We can fill out our embedding layer using these pretrained vectors:

In [20]:
filled = 0
not_found = []
for i, w in enumerate(vocab):
    if w in glove:
        embedding.weight.data[i, :] = torch.tensor(glove[w], dtype=torch.float)
        filled += 1
    else:
        not_found.append(w)
print(f'Of the words in the vocab, {100 * filled / (len(vocab) - 1)} % were updated using Glove vectors')
print('Examples of words not found :', not_found[1:7])

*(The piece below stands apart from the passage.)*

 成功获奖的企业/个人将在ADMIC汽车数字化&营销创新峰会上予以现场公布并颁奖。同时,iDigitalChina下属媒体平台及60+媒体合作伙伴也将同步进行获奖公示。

Of the words in the vocab, 73.692 % were updated using Glove vectors
Examples of words not found : ['owever', 'ichael', 'itbr', 'eorge', 'nglish', 'ritish']


Clearly the words we do not find are due to misspellings. You now have three choices before you continue with the exercise:

(1) Use _hunspell_ or similar to fix misspelled words

(2) Change the vocabulary (`vocab`) to be based on words that are both frequent in the text and have glove vectors

(3) Ignore the issue.

Finally, with Glove vectors we do not need to train the embedding. We can consider it fixed:

In [21]:
embedding.requires_grad_(False)

Embedding(25001, 50)

### Exercise 1

Train a neural network using `nn.LSTM` layers to classify the IMDB reviews.

Ideas:

 - The sentences can be quite long, so you might want to limit them to, say, maximum 100 words
 - `nn.LSTM` can take batched input, but be careful with `batch_first=True/False`.
 - If batched input are used, they normally have to be equal in size. You can put sentences to always be 100 words long, by adding `<UNK>` words to short sentences.
 - Alternatively, `nn.LSTM` can also accept batched, variable-length input using `torch.nn.utils.rnn.pack_sequence`.
 - (a finaly, albeit slow, alternative is to simple run the LSTM on un-batched input)


## Language model

Often in NLP, a lot of unlabelled text is available. We can use this to pretrain the model, before fine-tuning to the task at hand.

In [37]:
with open('unlabelled.json') as f:
    text = json.load(f)
print(len(text))

50000


A simple way to pretrain is to train a _language model_. This is model that tries to predict the next word in a sentence. For instance, given:

In [38]:
" ".join(text[2].split()[:28])

'This is still a pretty bad and silly simplistic typical slasher but when being compared to the previous sequel "Slumber Party Massacre II" this movie is a step'

can you guess the next word?

In a language model, we consider the above the input, and the out is:

In [39]:
text[2].split()[28]

'up'

The input we encode using the embedding, while the output is a probability map over words.
In other words, the last layer is something like `nn.Linear(..., len(vocab))`.

### Exercise 2 (optional)

Train a language model.

After you have trained the model, try to make to complete sentences.

## Transfer learning
### Exercise 3 (optional)

Discard the last layer of the now trained language model and use it to train on the original IMDB-problem.